◆ ACTIVITY
Please restate each entry word for word and leave the pictures out.
:: INFORMATION ::
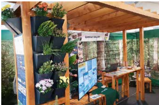
Štand Šumarskog fakulteta proglašen je najboljim na Smotri sveučilišta 2018.

Za najbolje uređen izložbeni prostor priznanje je dobio Šumarski fakultet Sveučilišta u Zagrebu. Priznanje za najbolje predstavljanje na pozornici dodijeljeno je Učiteljskom fakultetu Sveučilišta u Zagrebu, dok su priznanje za komunikativnost i susretljivost osvojili Medicinski fakultet i Geotehnički fakultet Sveučilišta u Zagrebu te Visoka škola Aspira iz Splita. Najoriginalnije predstavljanje na Smotri ostvarili su
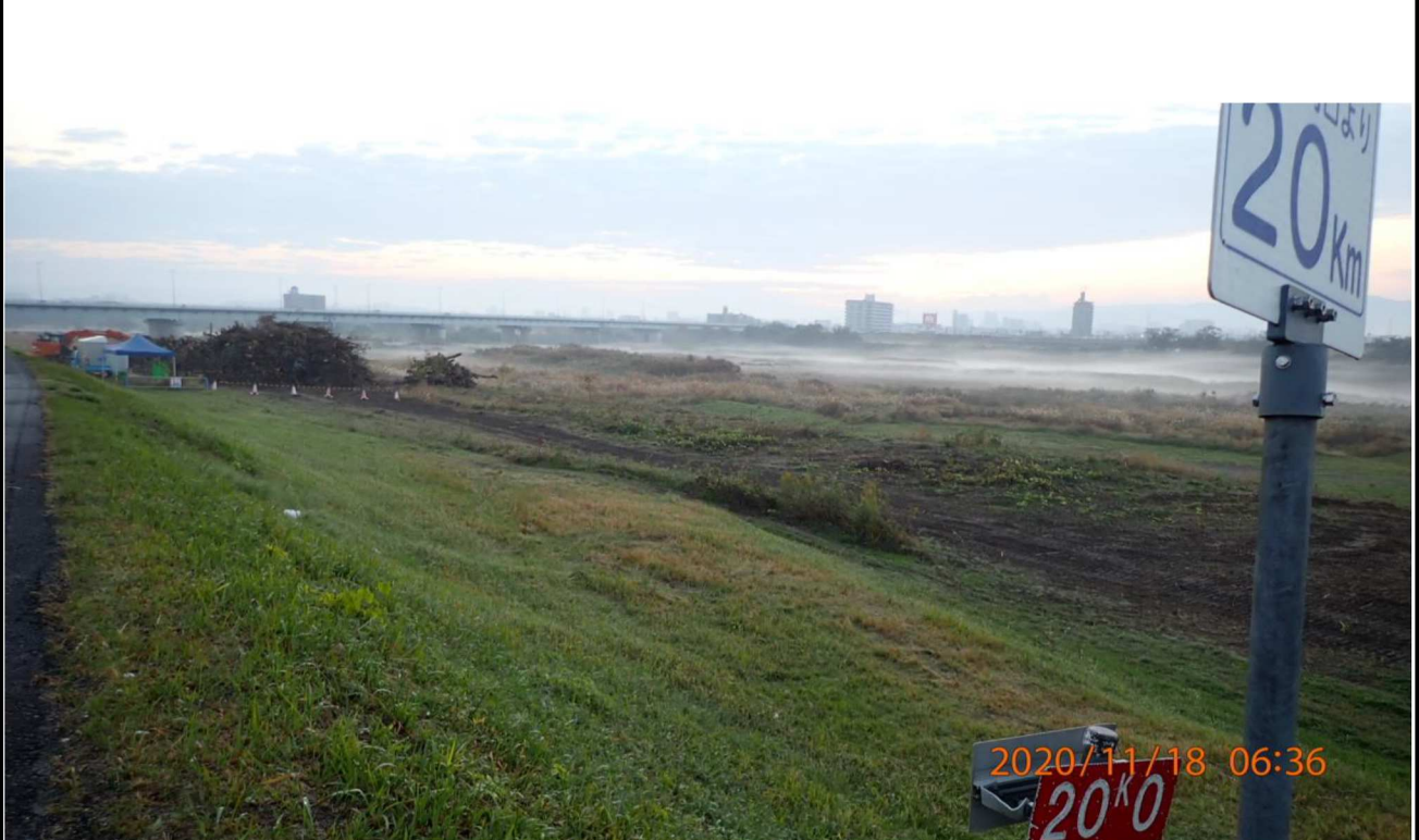
右岸20km付近より上流を撮影。この日は水面に霧が見えた。
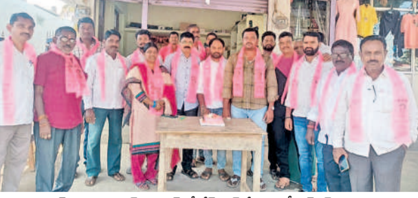
మల్లర : మామూర నింటలో కేక్ కట్ చేస్తున్న బీఆర్ఎస్ నాయకులు
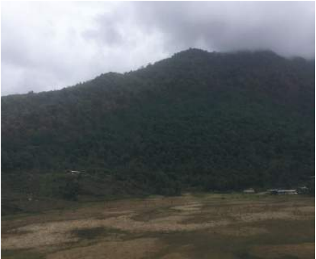
བྱ་ལི་ཅི་བྲག་བཙན་ཆེན་གྱི་གནས་ཁང་།
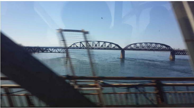
<세인트 로렌스강의 몬트리올 철교>
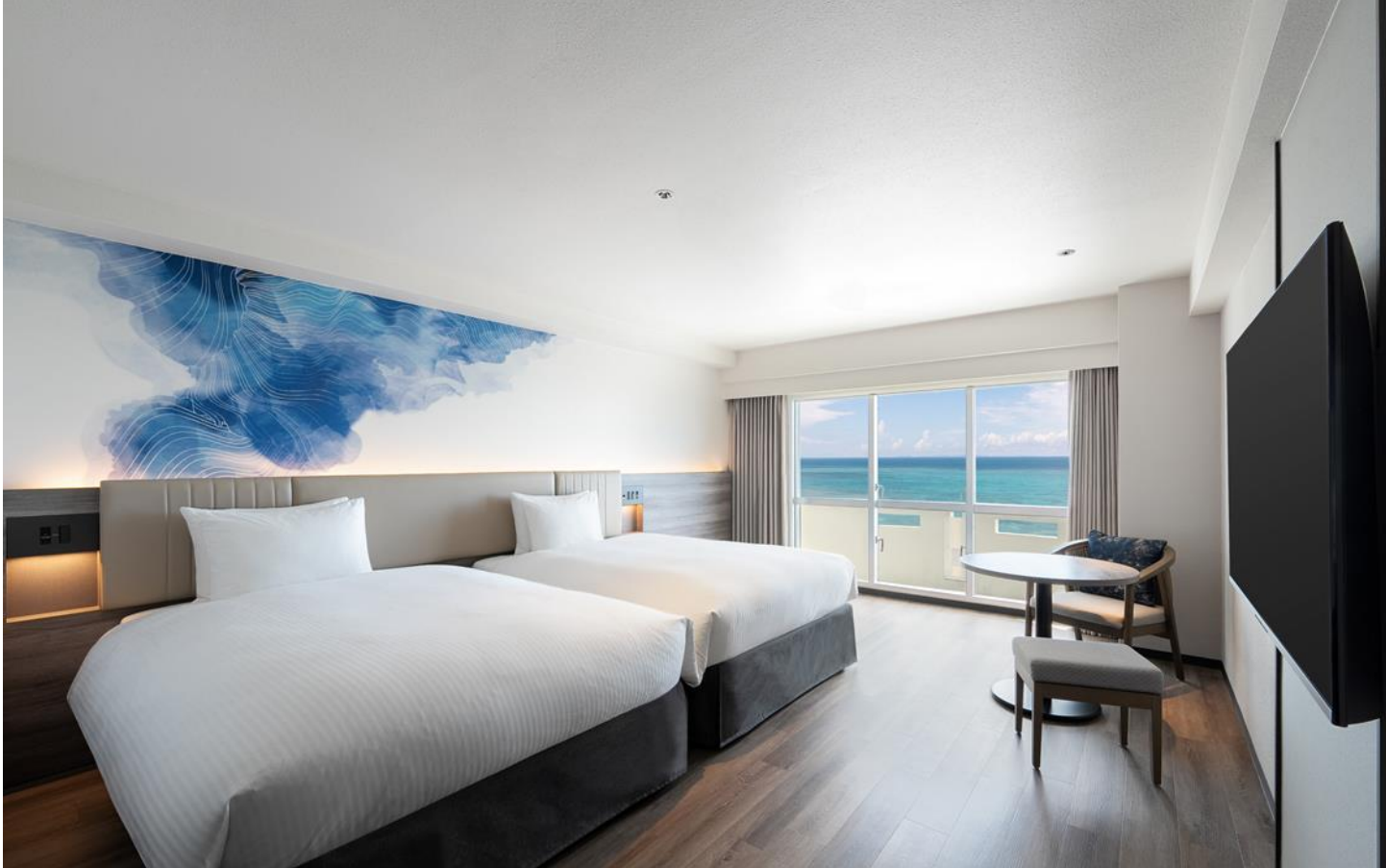
Superior Twin Room
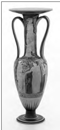
Εικ. 2. Ερυθρόμορφος λουτροφόρος αμφορέας, 440-430 π.Χ. Αποδίδεται στον κύκλο του Ζ. της Νάπολης. Μουσείο Μπενάκη [ΓΕ37914].
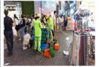
명동관광특구 청결기동대 활동
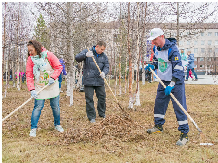
«Зеленая весна – 2017» объединила тысячи работников Общества

территория площадью порядка четырех гектаров, а городские полигоны отходов пополнились еще 150 кубометрами различного мусора.
:::
◆ SOLUTION
Štand Šumarskog fakulteta proglašen je najboljim na Smotri sveučilišta 2018.

Za najbolje uređen izložbeni prostor priznanje je dobio Šumarski fakultet Sveučilišta u Zagrebu. Priznanje za najbolje predstavljanje na pozornici dodijeljeno je Učiteljskom fakultetu Sveučilišta u Zagrebu, dok su priznanje za komunikativnost i susretljivost osvojili Medicinski fakultet i Geotehnički fakultet Sveučilišta u Zagrebu te Visoka škola Aspira iz Splita. Najoriginalnije predstavljanje na Smotri ostvarili su
右岸20km付近より上流を撮影。この日は水面に霧が見えた。
మల్లర : మామూర నింటలో కేక్ కట్ చేస్తున్న బీఆర్ఎస్ నాయకులు
བྱ་ལི་ཅི་བྲག་བཙན་ཆེན་གྱི་གནས་ཁང་།
<세인트 로렌스강의 몬트리올 철교>
Superior Twin Room
Εικ. 2. Ερυθρόμορφος λουτροφόρος αμφορέας, 440-430 π.Χ. Αποδίδεται στον κύκλο του Ζ. της Νάπολης. Μουσείο Μπενάκη [ΓΕ37914].
명동관광특구 청결기동대 활동
«Зеленая весна – 2017» объединила тысячи работников Общества

территория площадью порядка четырех гектаров, а городские полигоны отходов пополнились еще 150 кубометрами различного мусора.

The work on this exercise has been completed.